# PROBLEM TO SOLVE:
Using the data below, set down every line from the one containing "1、初始場景中,左邊座椅有密" through the one containing "Therefore, a significant", inclusive and unchanged. Pictures are to be skipped.

(Items listed in a dataset)
'''
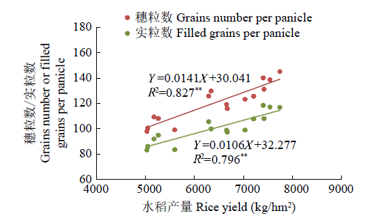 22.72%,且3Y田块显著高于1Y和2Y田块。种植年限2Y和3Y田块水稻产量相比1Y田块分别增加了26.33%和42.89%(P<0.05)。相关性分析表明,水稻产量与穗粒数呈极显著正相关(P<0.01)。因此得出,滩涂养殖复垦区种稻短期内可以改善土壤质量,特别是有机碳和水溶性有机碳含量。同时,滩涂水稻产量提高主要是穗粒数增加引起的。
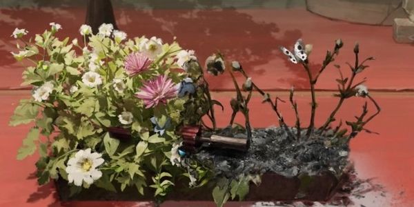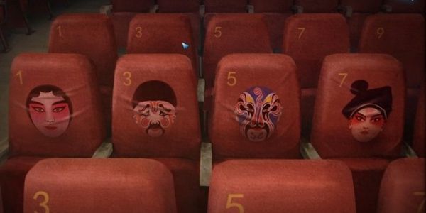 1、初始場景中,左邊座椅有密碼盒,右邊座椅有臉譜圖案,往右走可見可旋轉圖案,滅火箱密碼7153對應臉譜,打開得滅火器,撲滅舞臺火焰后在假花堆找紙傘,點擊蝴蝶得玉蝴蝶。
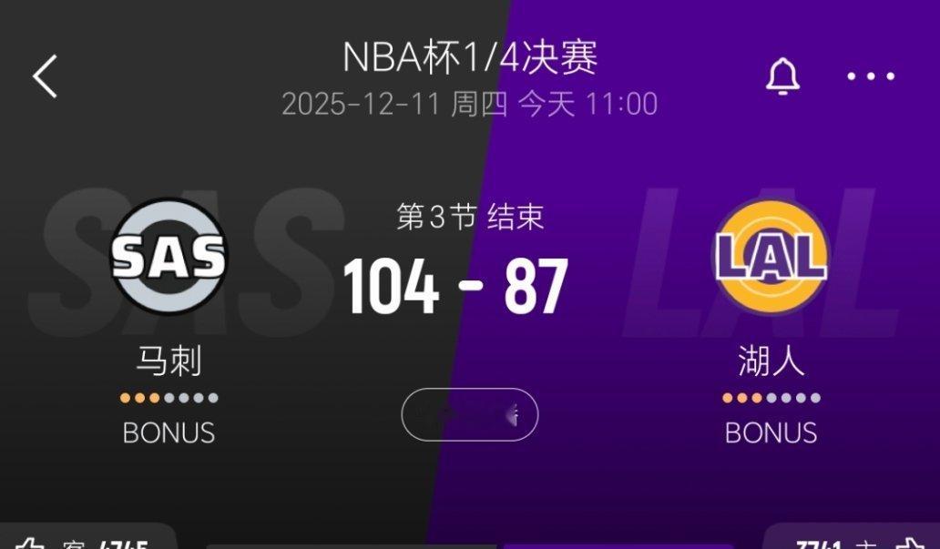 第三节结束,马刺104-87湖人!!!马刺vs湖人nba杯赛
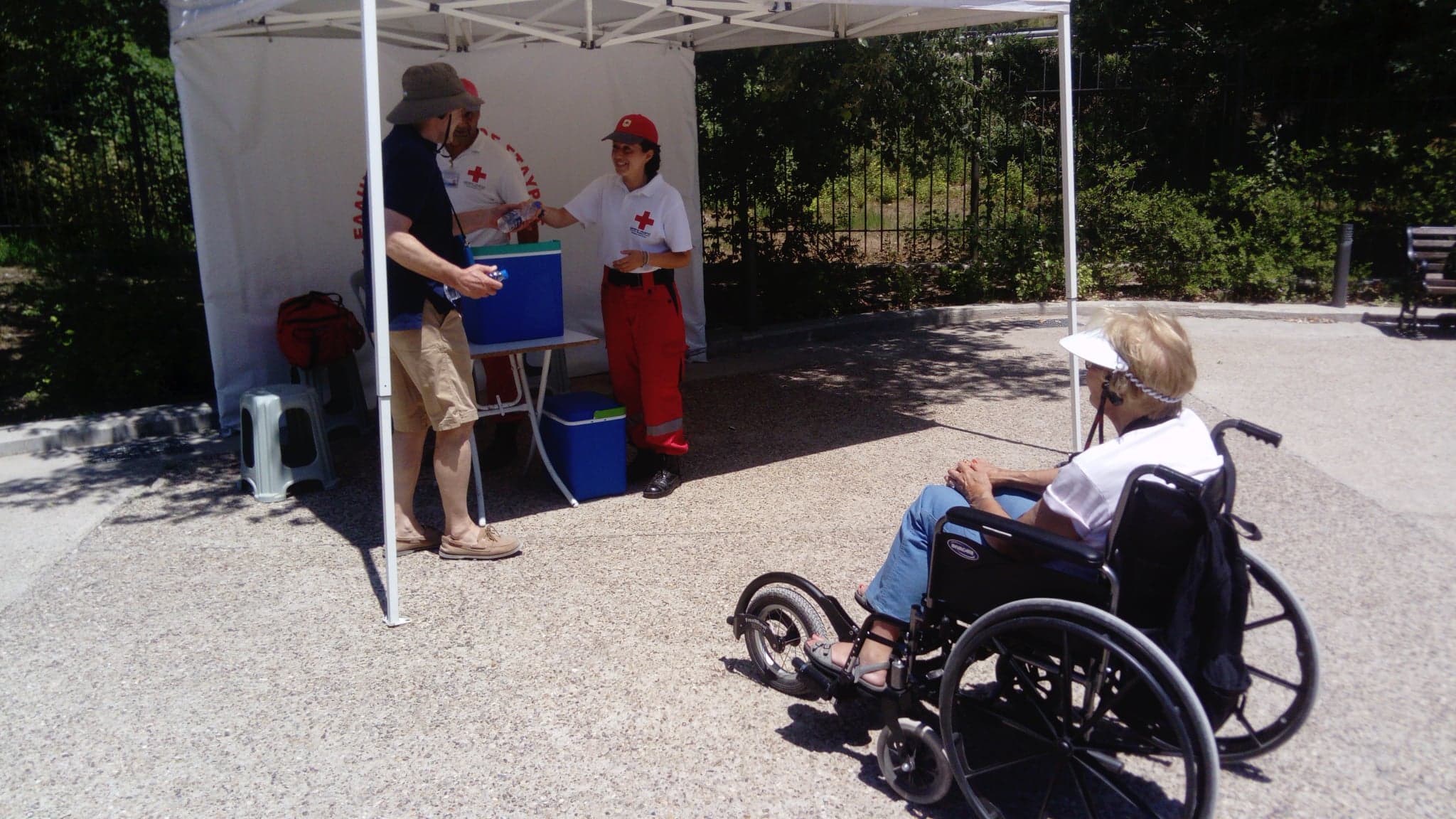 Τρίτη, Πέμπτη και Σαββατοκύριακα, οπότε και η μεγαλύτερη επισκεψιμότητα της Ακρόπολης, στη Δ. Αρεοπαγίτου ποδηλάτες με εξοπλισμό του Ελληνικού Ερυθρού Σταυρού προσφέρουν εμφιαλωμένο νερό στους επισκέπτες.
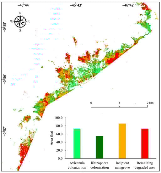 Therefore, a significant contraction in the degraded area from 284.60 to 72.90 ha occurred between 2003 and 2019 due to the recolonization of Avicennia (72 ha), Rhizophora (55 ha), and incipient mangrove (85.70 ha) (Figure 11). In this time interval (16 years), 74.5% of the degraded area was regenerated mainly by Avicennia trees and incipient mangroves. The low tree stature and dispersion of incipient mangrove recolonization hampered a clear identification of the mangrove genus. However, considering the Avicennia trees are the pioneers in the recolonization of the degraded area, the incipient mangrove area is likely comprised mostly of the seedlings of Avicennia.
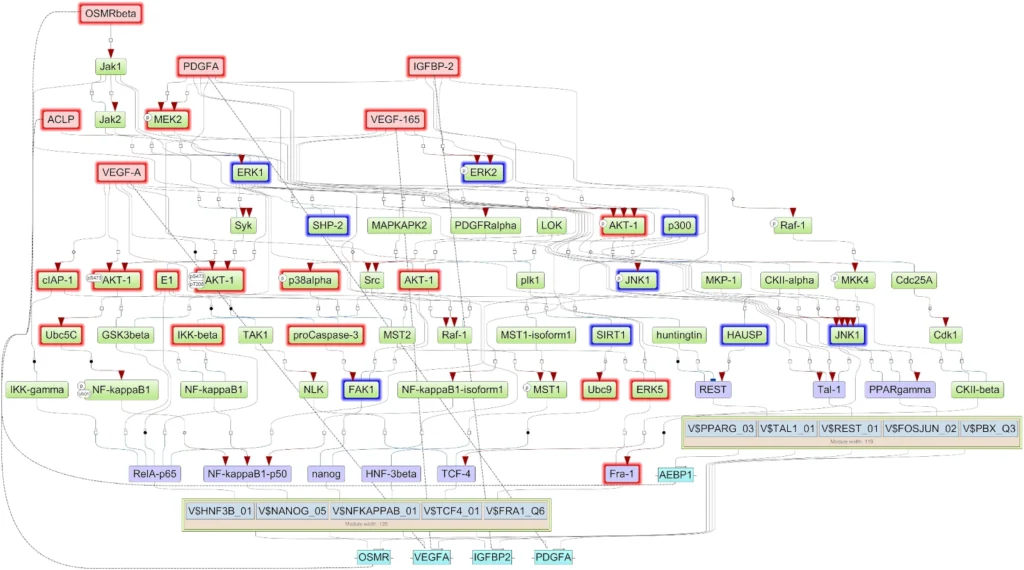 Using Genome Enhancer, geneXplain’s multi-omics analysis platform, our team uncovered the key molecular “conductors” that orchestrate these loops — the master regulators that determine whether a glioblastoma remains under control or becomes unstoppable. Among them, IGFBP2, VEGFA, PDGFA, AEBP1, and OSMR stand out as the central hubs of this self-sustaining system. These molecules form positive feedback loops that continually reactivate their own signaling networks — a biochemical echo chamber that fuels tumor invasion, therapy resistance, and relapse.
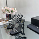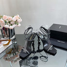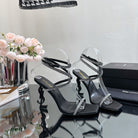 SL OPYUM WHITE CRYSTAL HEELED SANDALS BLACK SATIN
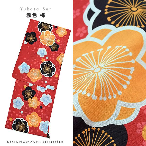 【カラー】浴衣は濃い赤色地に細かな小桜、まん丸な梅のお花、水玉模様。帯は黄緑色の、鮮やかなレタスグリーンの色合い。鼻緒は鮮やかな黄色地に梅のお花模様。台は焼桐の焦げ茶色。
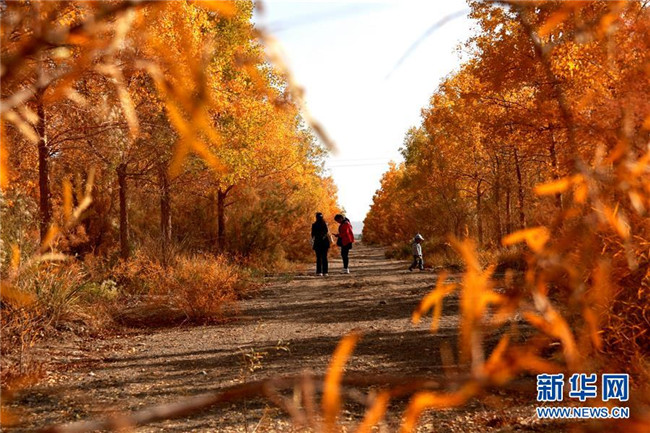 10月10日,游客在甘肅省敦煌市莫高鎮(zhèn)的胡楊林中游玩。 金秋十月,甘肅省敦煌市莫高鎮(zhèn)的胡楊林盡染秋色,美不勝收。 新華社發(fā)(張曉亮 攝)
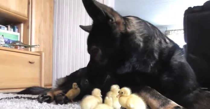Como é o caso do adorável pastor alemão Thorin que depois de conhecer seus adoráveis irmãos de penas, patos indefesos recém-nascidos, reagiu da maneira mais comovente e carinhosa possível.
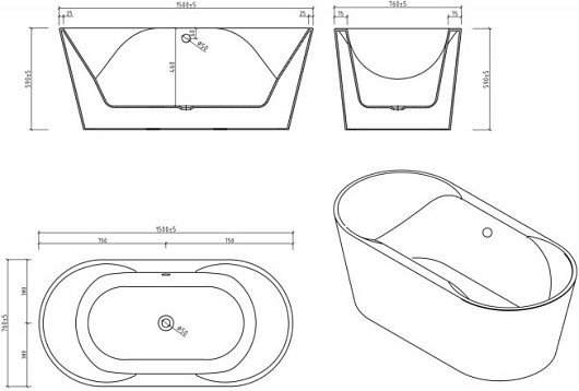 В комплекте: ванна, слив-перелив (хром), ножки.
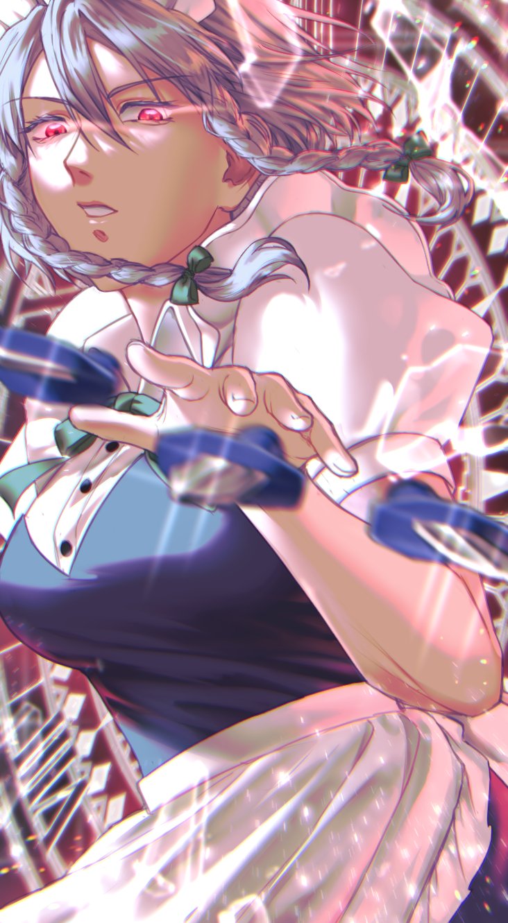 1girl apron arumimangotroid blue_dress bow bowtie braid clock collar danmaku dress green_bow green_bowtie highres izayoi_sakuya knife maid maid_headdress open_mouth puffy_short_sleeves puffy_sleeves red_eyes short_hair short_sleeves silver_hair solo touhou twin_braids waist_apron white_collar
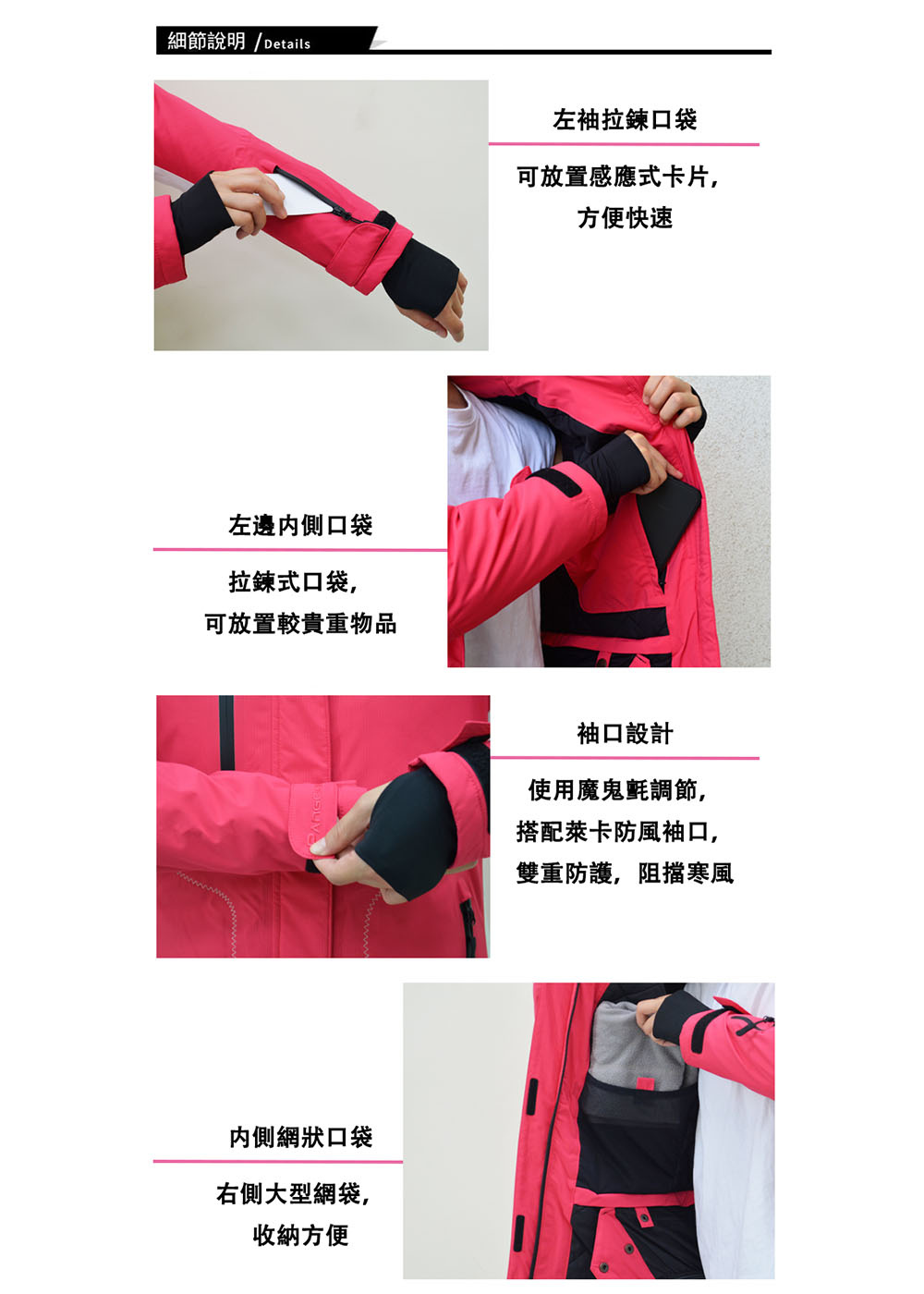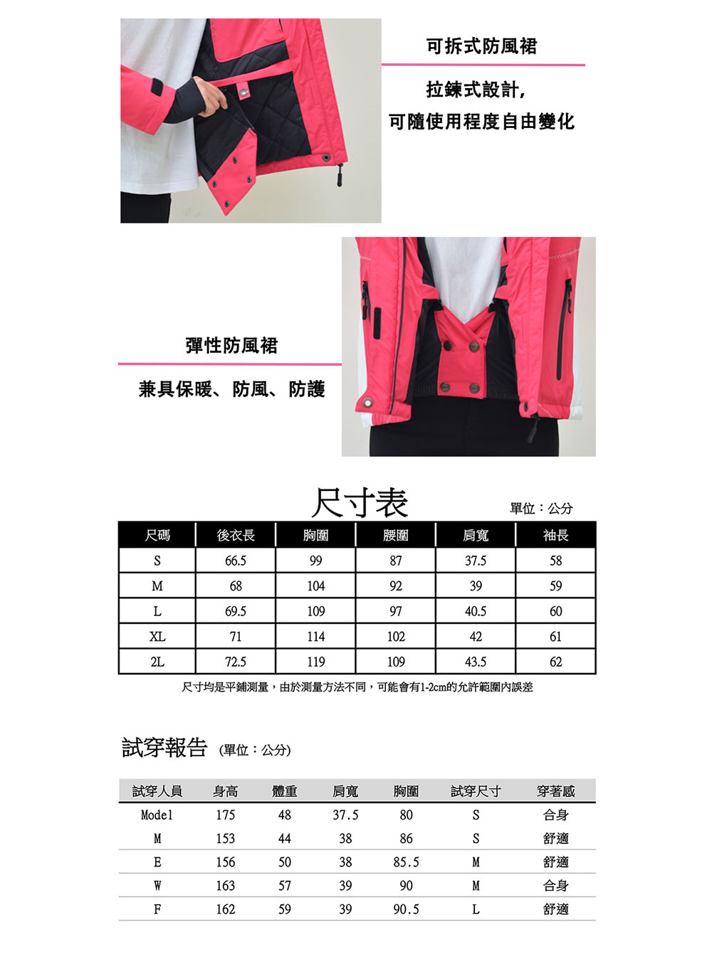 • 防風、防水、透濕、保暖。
'''
# ANSWER SECTION:
 1、初始場景中,左邊座椅有密碼盒,右邊座椅有臉譜圖案,往右走可見可旋轉圖案,滅火箱密碼7153對應臉譜,打開得滅火器,撲滅舞臺火焰后在假花堆找紙傘,點擊蝴蝶得玉蝴蝶。
 第三节结束,马刺104-87湖人!!!马刺vs湖人nba杯赛
 Τρίτη, Πέμπτη και Σαββατοκύριακα, οπότε και η μεγαλύτερη επισκεψιμότητα της Ακρόπολης, στη Δ. Αρεοπαγίτου ποδηλάτες με εξοπλισμό του Ελληνικού Ερυθρού Σταυρού προσφέρουν εμφιαλωμένο νερό στους επισκέπτες.
 Therefore, a significant contraction in the degraded area from 284.60 to 72.90 ha occurred between 2003 and 2019 due to the recolonization of Avicennia (72 ha), Rhizophora (55 ha), and incipient mangrove (85.70 ha) (Figure 11). In this time interval (16 years), 74.5% of the degraded area was regenerated mainly by Avicennia trees and incipient mangroves. The low tree stature and dispersion of incipient mangrove recolonization hampered a clear identification of the mangrove genus. However, considering the Avicennia trees are the pioneers in the recolonization of the degraded area, the incipient mangrove area is likely comprised mostly of the seedlings of Avicennia.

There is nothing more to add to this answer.